= Conservative force =

Force in which the work done in moving an object depends only on its displacement

In physics, a conservative force is a force with the property that the total work done by the force in moving a particle between two points is independent of the path taken. Equivalently, if a particle travels in a closed loop, the total work done (the sum of the force acting along the path multiplied by the displacement) by a conservative force is zero.

A conservative force depends only on the position of the object. If a force is conservative, it is possible to assign a numerical value for the potential at any point and conversely, when an object moves from one location to another, the force changes the potential energy of the object by an amount that does not depend on the path taken, contributing to the mechanical energy and the overall conservation of energy. If the force is not conservative, then defining a scalar potential is not possible, because taking different paths would lead to conflicting potential differences between the start and end points.

Gravitational force is an example of a conservative force, while frictional force is an example of a non-conservative force.

Other examples of conservative forces are: force in elastic spring, force due to liquid pressure acting on a surface, electrostatic force between two electric charges, and magnetic force between two magnetic poles. The last two forces are called central forces as they act along the line joining the centres of two charged/magnetized bodies. A central force is conservative if and only if it is spherically symmetric.

For conservative forces,

$\mathbf{F_c} = - \frac{\textit{dU}}{d\mathbf{s}}$

where $F_c$ is the conservative force, $U$ is the potential energy, and $s$ is the position.

==Informal definition==
Informally, a conservative force can be thought of as a force that conserves mechanical energy. Suppose a particle starts at point A, and there is a force F acting on it. Then the particle is moved around by other forces, and eventually ends up at A again. Though the particle may still be moving, at that instant when it passes point A again, it has traveled a closed path. If the net work done by F at this point is 0, then F passes the closed path test. Any force that passes the closed path test for all possible closed paths is classified as a conservative force.

The gravitational force, spring force, magnetic force (according to some definitions, see below) and electric force (at least in a time-independent magnetic field, see Faraday's law of induction for details) are examples of conservative forces, while friction and air drag are classical examples of non-conservative forces.

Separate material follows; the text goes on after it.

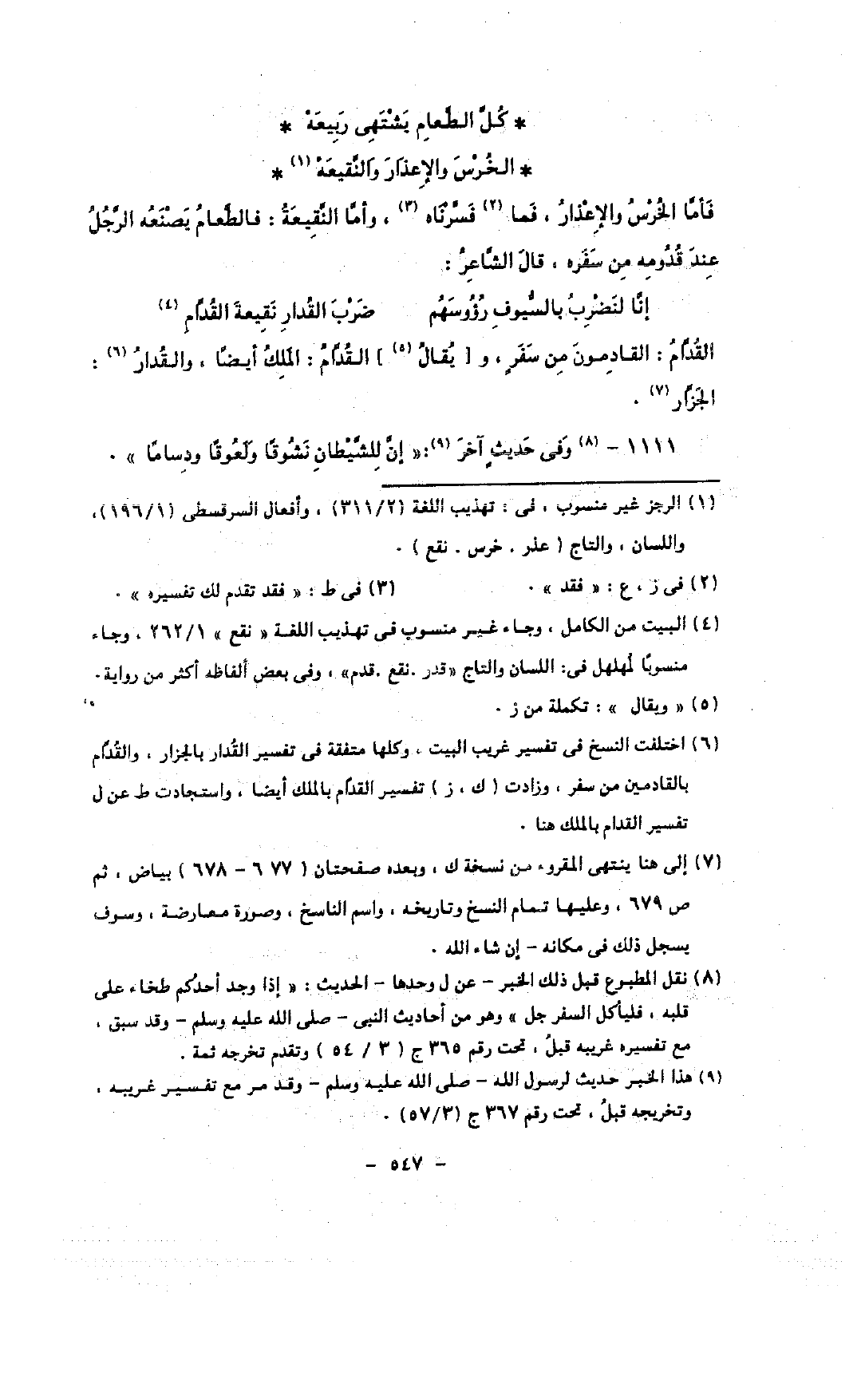 فأما الخرس والإعذار, فما فسرناه, وأما النقيعة: فالطعام يصنعه الرجل عند قدومه من سفره, قال الشاعر:

For non-conservative forces, the mechanical energy that is lost (not conserved) has to go somewhere else, by conservation of energy. Usually the energy is turned into heat, for example the heat generated by friction. In addition to heat, friction also often produces some sound energy. The water drag on a moving boat converts the boat's mechanical energy into not only heat and sound energy, but also wave energy at the edges of its wake. These and other energy losses are irreversible because of the second law of thermodynamics.

==Path independence==

A direct consequence of the closed path test is that the work done by a conservative force on a particle moving between any two points does not depend on the path taken by the particle.

This is illustrated in the figure to the right: The work done by the gravitational force on an object depends only on its change in height because the gravitational force is conservative. The work done by a conservative force is equal to the negative of change in potential energy during that process. For a proof, imagine two paths 1 and 2, both going from point A to point B. The variation of energy for the particle, taking path 1 from A to B and then path 2 backwards from B to A, is 0; thus, the work is the same in path 1 and 2, i.e., the work is independent of the path followed, as long as it goes from A to B.

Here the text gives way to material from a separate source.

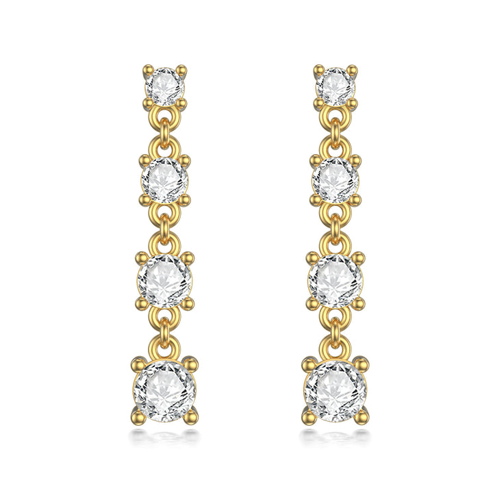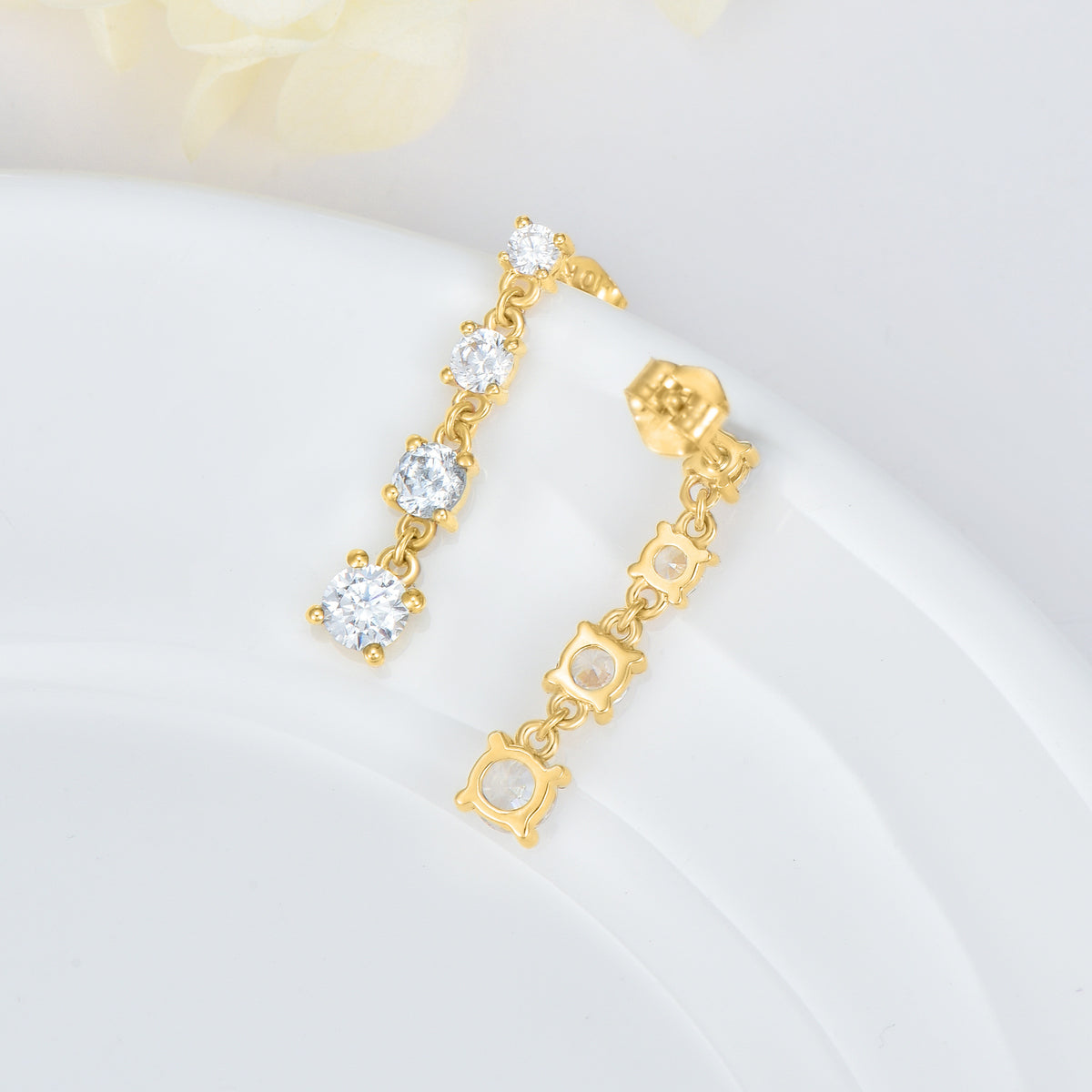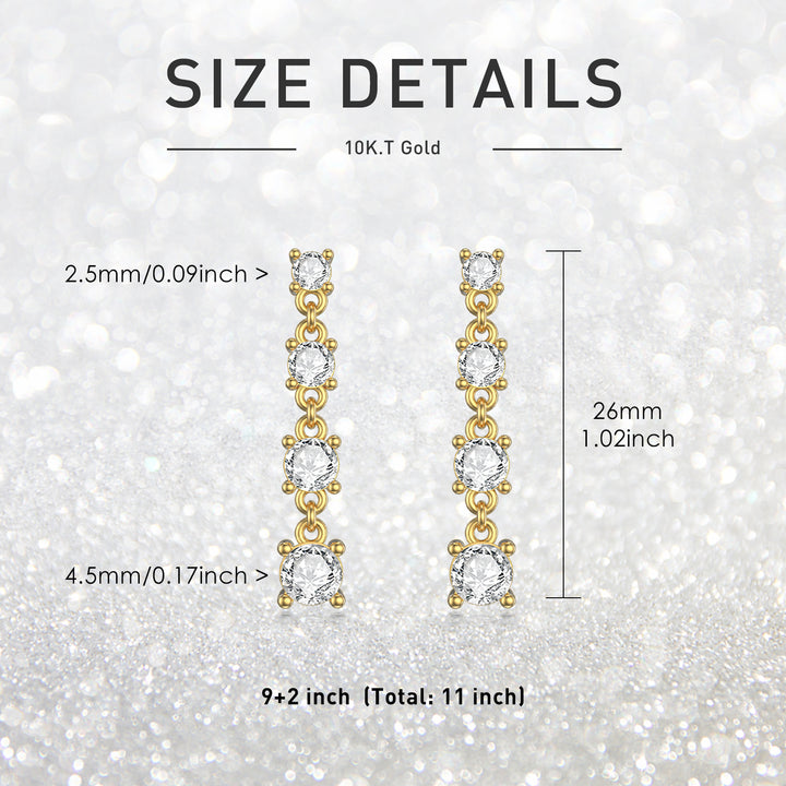 10K gold. Clear cubic zirconia stones. Drop earring design.

For example, if a child slides down a frictionless slide, the work done by the gravitational force on the child from the start of the slide to the end is independent of the shape of the slide; it only depends on the vertical displacement of the child.

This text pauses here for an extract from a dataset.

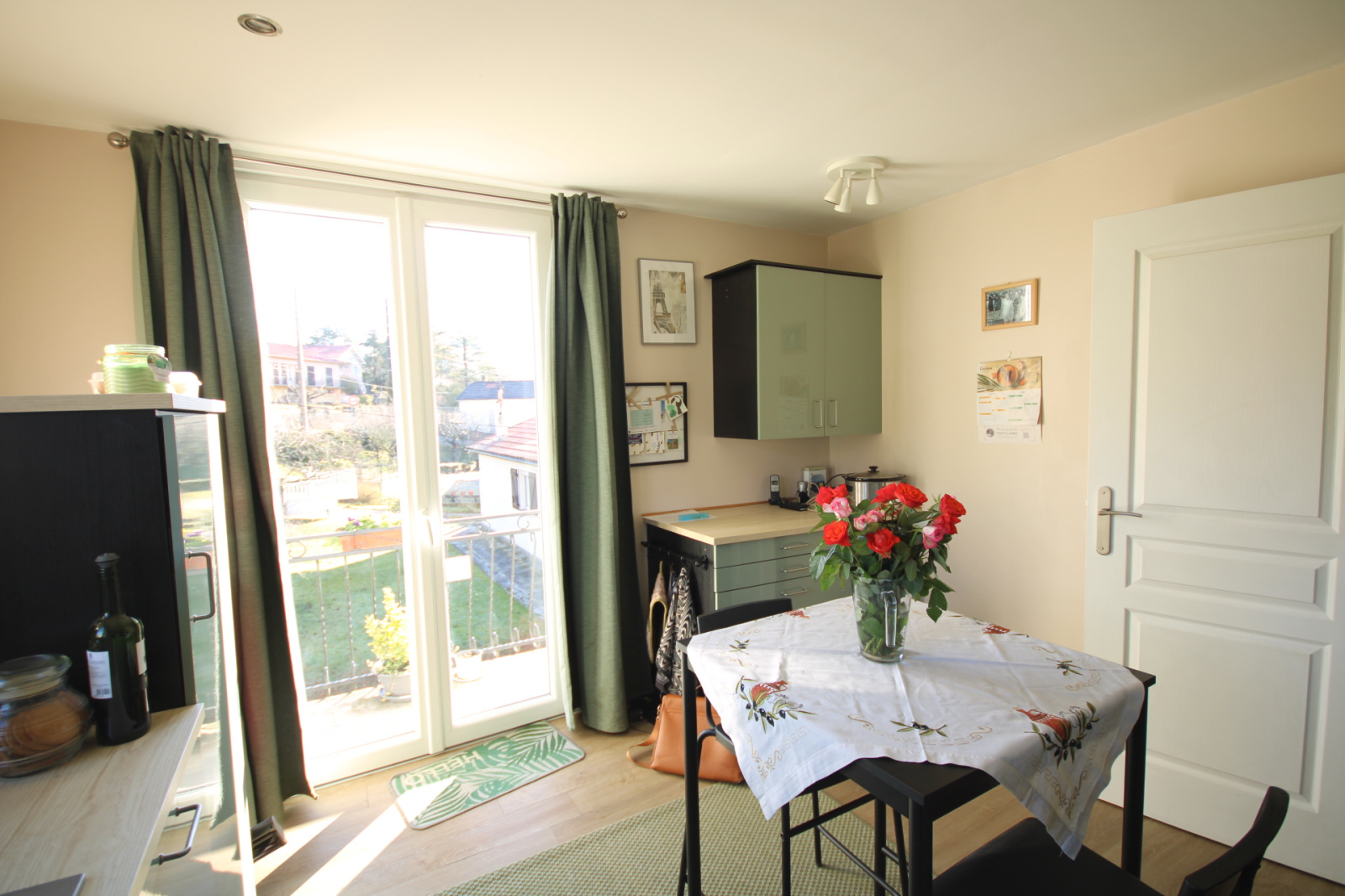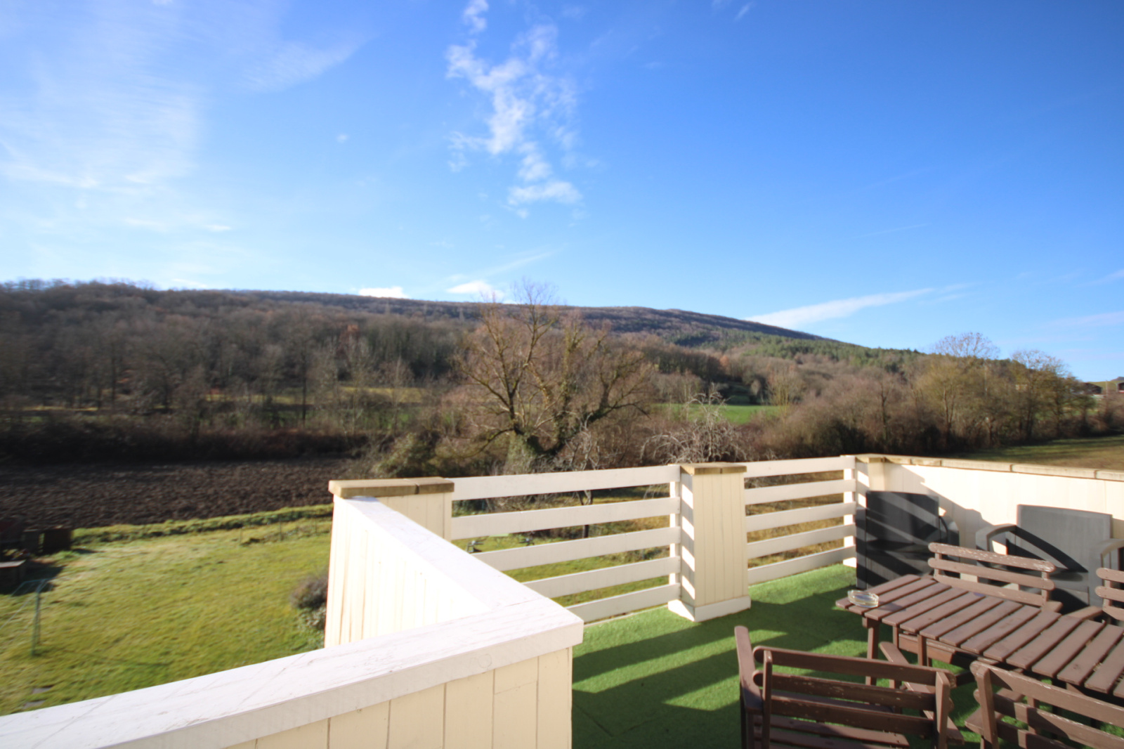 Au 1er étage : palier, salon poele granulés avec accés balcon, 1 cuisine équipée, cellier / buanderie, 1 salle à manger, 1 chambre et 1 salle d'eau avec toilettes

==Mathematical description==
A force field F, defined everywhere in space (or within a simply-connected volume of space), is called a conservative force or conservative vector field if it meets any of these three equivalent conditions:

1. The curl of F is the zero vector: $$\mathbf{\nabla} \times \mathbf{F} = \mathbf{0}.$$ where in two dimensions this reduces to: $$\frac{\partial F_y}{\partial x} - \frac{\partial F_x}{\partial y} = 0$$
2. There is zero net work (W) done by the force when moving a particle through a trajectory that starts and ends in the same place: $$W \equiv \oint_C \mathbf{F} \cdot \mathrm{d}\mathbf r = 0.$$
3. The force can be written as the negative gradient of a potential, $\Phi$: $$\mathbf{F} = -\mathbf{\nabla} \Phi.$$

Proof that these three conditions are equivalent when F is a force field

1 implies 2:- Let C be any simple closed path (i.e., a path that starts and ends at the same point and has no self-intersections), and consider a surface S of which C is the boundary. Then Stokes' theorem says that
$$\int_S \left(\mathbf{\nabla} \times \mathbf{F}\right) \cdot \mathrm{d}\mathbf{a} = \oint_C \mathbf{F} \cdot \mathrm{d}\mathbf{r}$$
If the curl of F is zero the left hand side is zero – therefore statement 2 is true.
2 implies 3:- Assume that statement 2 holds. Let c be a simple curve from the origin to a point $x$ and define a function
$$\Phi(x) = -\int_c \mathbf{F} \cdot \mathrm{d}\mathbf{r}.$$
The fact that this function is well-defined (independent of the choice of c) follows from statement 2. Anyway, from the fundamental theorem of calculus, it follows that $$\mathbf{F} = -\mathbf{\nabla} \Phi .$$
So statement 2 implies statement 3 (see full proof).
3 implies 1:- Finally, assume that the third statement is true. A well-known vector calculus identity states that the curl of the gradient of any function is 0. (See proof.) Therefore, if the third statement is true, then the first statement must be true as well.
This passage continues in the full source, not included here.